Filip Filipovich estaba fuera de sí, tenía las aletas de la nariz dilatadas. Con todas sus fuerzas exaltadas por una comida abundante, tronaba como un profeta antiguo Y su rostro lanzaba relámpagos plateados.

Sus palabras producían el efecto de un sordo gruñido subterráneo en el espíritu del perro somnoliento. De pronto le aparecía la imagen de los estúpidos ojos amarillos de la lechuza, de pronto era el rostro repugnante del cocinero con su sucio gorro blanco; también estaba el altivo bigote de Filip Filipovich en la luz deslumbrante del comedor luego un trineo que pasaba rechinando y desaparecía inmediatamente, mientras que en su estómago, bañados por los jugos gástricos, terminaban de disolverse los restos de la rebanada de rosbif.

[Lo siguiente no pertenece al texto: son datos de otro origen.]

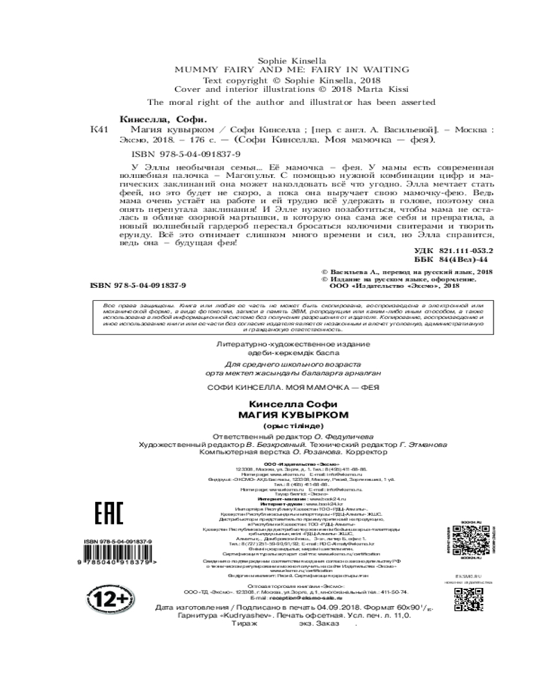 💳 Оплатить за товар можно при получении 🇰🇿 Есть бесплатная доставка по Казахстану 🎁 Копите бонусы с каждой покупки Серия: Детск. Моя мамочка – фея. Бестселлер Софи Кинселлы «Сегодня, пожалуйста, никакого волшебства!» — сердито сказал папа, когда мы всей семьёй отправились на деловой обед к папиному начальнику мистеру Ли и его жене. Для папы это очень важный день, поэтому мамочка-фея пообещала, что не будет колдовать. Только плохо вы знаете мою маму, если верите, что она сможет хотя бы один день обойтись без волшебства... |

"Tendría éxito en las reuniones públicas", pensó confusamente Bola, "es un tipo de primera. ¡Además, no parece irle tan mal"!

—¡A la guardia! ¡Policía! (Filip Filipovich chillaba.) ¡Quiero un policía, un policía y nadie mas, con o sin gorra roja! Un policía por persona para moderar los entusiasmos vocales de nuestros ciudadanos. Usted dice que es la ruina. ¡Y yo, doctor, le digo que nada habrá cambiado en esta casa ni tampoco en ninguna otra casa, mientras no se hayan hecho callar a esos cantantes! Cuando dejen de dar sus conciertos, la situación de la casa mejorará de por si.

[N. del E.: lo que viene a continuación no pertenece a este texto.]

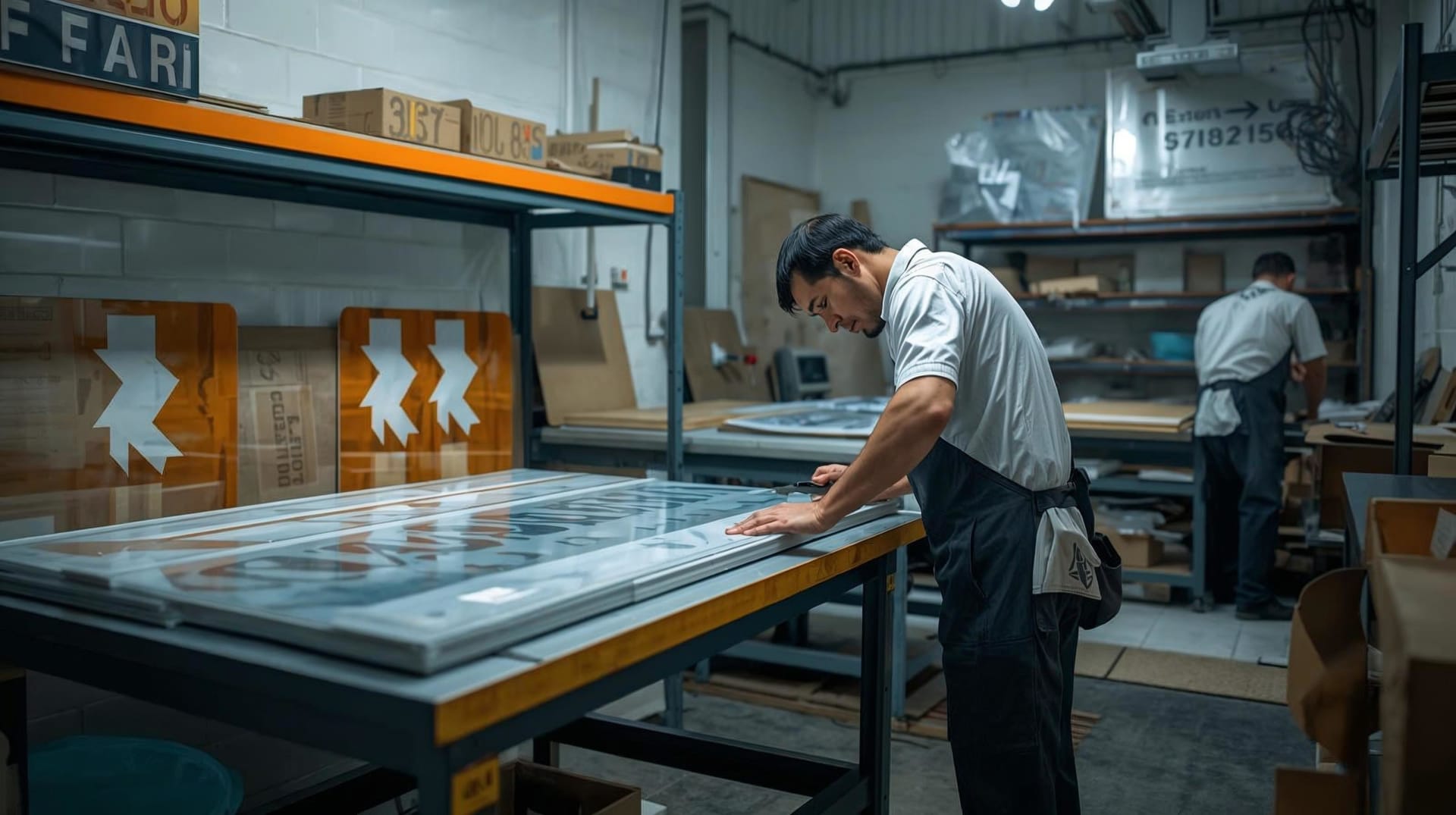 Kunststof platen op maat zagen en voorbereiden voor de afwerking van de wegwijzer borden;

—Usted sostiene principios contrarrevolucionarios, Filip Filipovich —bromeó el mordido—; quiera Dios que nadie lo oiga.

—No hay peligro —respondió fogosamente Filip Filipovich—, ninguna contrarrevolución. A propósito, he ahí otro término que no tolero. Es imposible saber qué se oculta detrás. Por eso le digo: en mis palabras no hay contrarrevolución. Hay buen sentido y experiencia de la vida.

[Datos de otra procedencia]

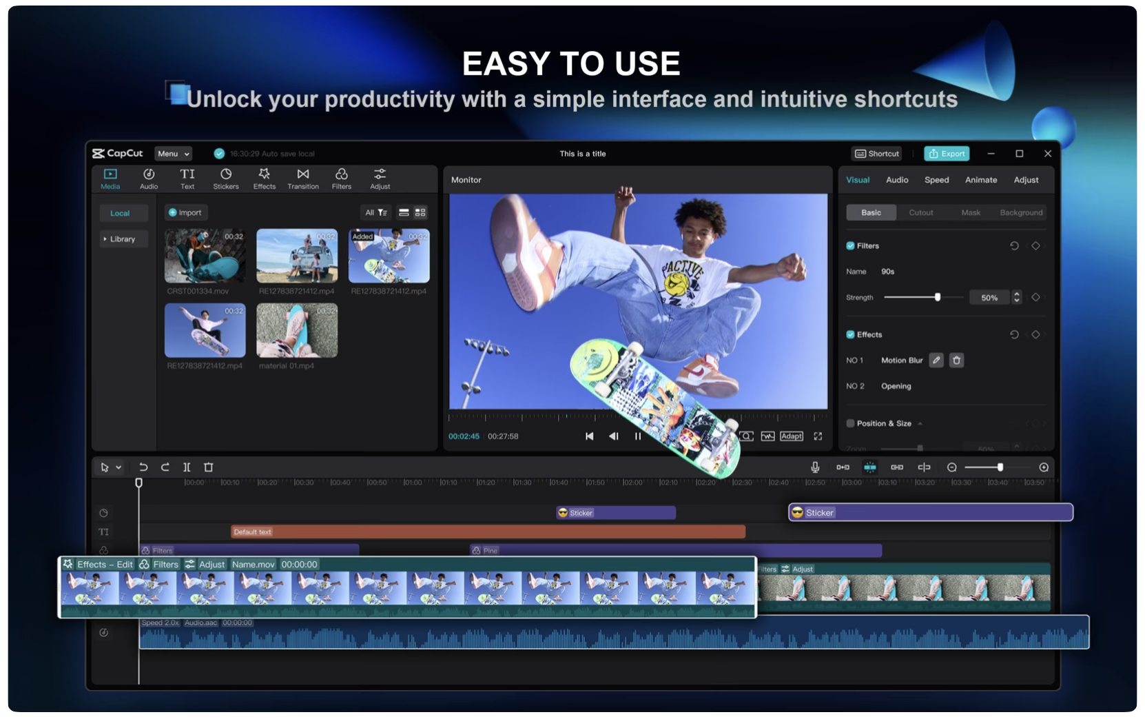 - Effects & filters: Trendy effects that resonate with social media users, viral filters, smooth transitions

Tras esa frase, Filip Filipovich sacó de su cuello el extremo de la bella servilleta arrugada, a la que enrolló como una bola y colocó junto a una copa de vino medio llena. Inmediatamente el mordido se levantó y expresó su gratitud con un " merci

²En francés en el original (N. de la T.).

—Un instante doctor —lo detuvo Filip Filipovich sacando una billetera del bolsillo de su pantalón. Frunció el entrecejo, contó algunos billetes y se los tendió al mordido:

—Le debo 40 rublos por el día de hoy Iván Arnoldovich. Sírvase...

La víctima del perro agradeció cortésmente Y ruborizándose, deslizó el dinero en el bolsillo de su chaqueta.

—¿No me necesita esta noche, Filip Filipovich?

—No, se lo agradezco, amigo mío. Mañana no haremos nada. Primero, porque el conejo se murió y segundo, porque esta noche representan "Aída" en el Bolchoi. Hace mucho que no la escucho. Me agrada sobremanera... ¿Recuerda el dúo? ... Tari-rarin...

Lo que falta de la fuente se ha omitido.